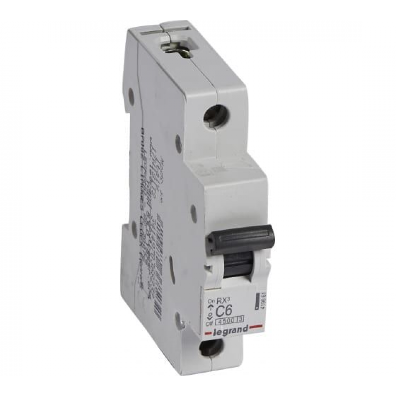 Выключатель автоматический LEGRAND RX3 1П 6A. Однополюсный автоматический выключатель из серии RX3 от Legrand, рассчитанный на номинальный ток 6А, защищает электрическую цепь от перегрузок и коротких замыканий. Характеристика срабатывания C, делает его идеальным для использования в цепях с умеренными пусковыми токами. Отключающая способность составляет 4.5 кА, что обеспечивает надёжное срабатывание при возникновении аварийной ситуации. Предназначен для установки на DIN-рейку, занимает один модуль. Корпус устройства имеет степень защиты IP20, что подходит для использования в сухих помещениях. Вес составляет 0.143 кг, производится в России.
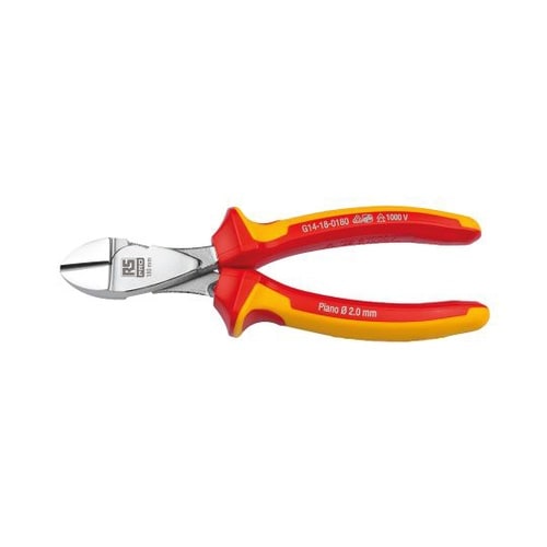 RS Pro強力傾斜ニッパーRS ProのG14シリーズ絶縁強力傾斜ニッパーです。最大1000 V ac又は1500 V dcの通電中作業に最適です。軟線 / 硬線の切断用です。 |
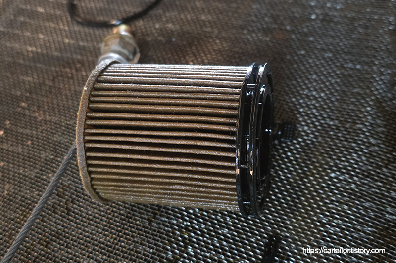다시 시동을 걸어 작업 부위를 확인합니다. 필터, 플러그 모두 깨끗합니다.
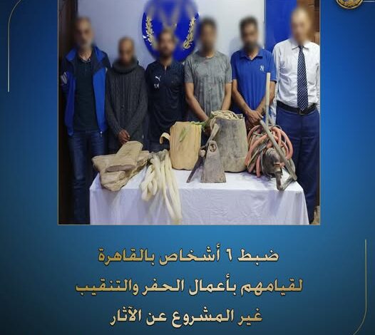 ضبط 6 اشخاص بالقاهرة لقيامهم بأعمال الحفر والتنقيب غير المشروع عن الآثار
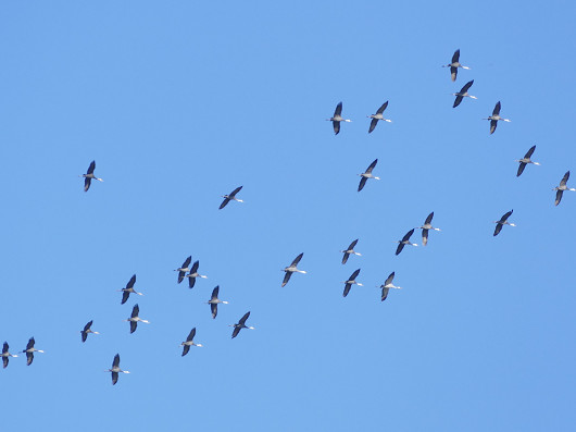 ツル渡来地が近づくに連れて上空では群れになって飛んでいるたくさんのツルが見られるようになってきました、もう夕方が近いのでねぐらになる保護地の水田へと戻っているんでしょうか?
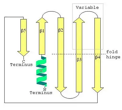 The SH3-type barrel tertiary structure of the LSm fold is formed by the strongly bent (about 120°) β2, β3 and β4 strands, with the barrel structure closed by the β5 strand. Emphasizing the tertiary structure, each bent beta strand can be described as two shorter beta strands. The LSm fold can be viewed as an eight-strand anti-parallel beta sandwich, with five strands in one plane and three strands in a parallel plane with about a 45° pitch angle between the two halves of the beta sandwich. The short (two to four turns) N-terminal alpha helix occurs at one edge of the beta sandwich. This alpha helix and the beta strands can be labeled (from the N-terminus to the C-terminus) α, β1, β2a, β2b, β3a, β3b, β4a, β4b, β5 where the a and b refer to either the two halves of a bent strand in the five-strand description, or to the individual strands in the eight-strand description. Each strand (in the eight-strand description) is formed from five amino acid residues. Including the bends and loops between the strands, and the alpha helix, about 60 amino acid residues contribute to the LSm fold, but this varies between homologs due to variation in inter-strand loops, the alpha helix, and even the lengths of β3b and β4a strands.
..............................
**Exercise description**
Exactly the lines above from the one that contains "RS Pro強力傾斜ニッパーRS ProのG14シリーズ絶縁強力傾斜ニッパーです。最大1000" down to the one that contains "ツル渡来地が近づくに連れて上" are to be output, both ends kept and pictures omitted.

**Response box**
 RS Pro強力傾斜ニッパーRS ProのG14シリーズ絶縁強力傾斜ニッパーです。最大1000 V ac又は1500 V dcの通電中作業に最適です。軟線 / 硬線の切断用です。 |
다시 시동을 걸어 작업 부위를 확인합니다. 필터, 플러그 모두 깨끗합니다.
 ضبط 6 اشخاص بالقاهرة لقيامهم بأعمال الحفر والتنقيب غير المشروع عن الآثار
 ツル渡来地が近づくに連れて上空では群れになって飛んでいるたくさんのツルが見られるようになってきました、もう夕方が近いのでねぐらになる保護地の水田へと戻っているんでしょうか?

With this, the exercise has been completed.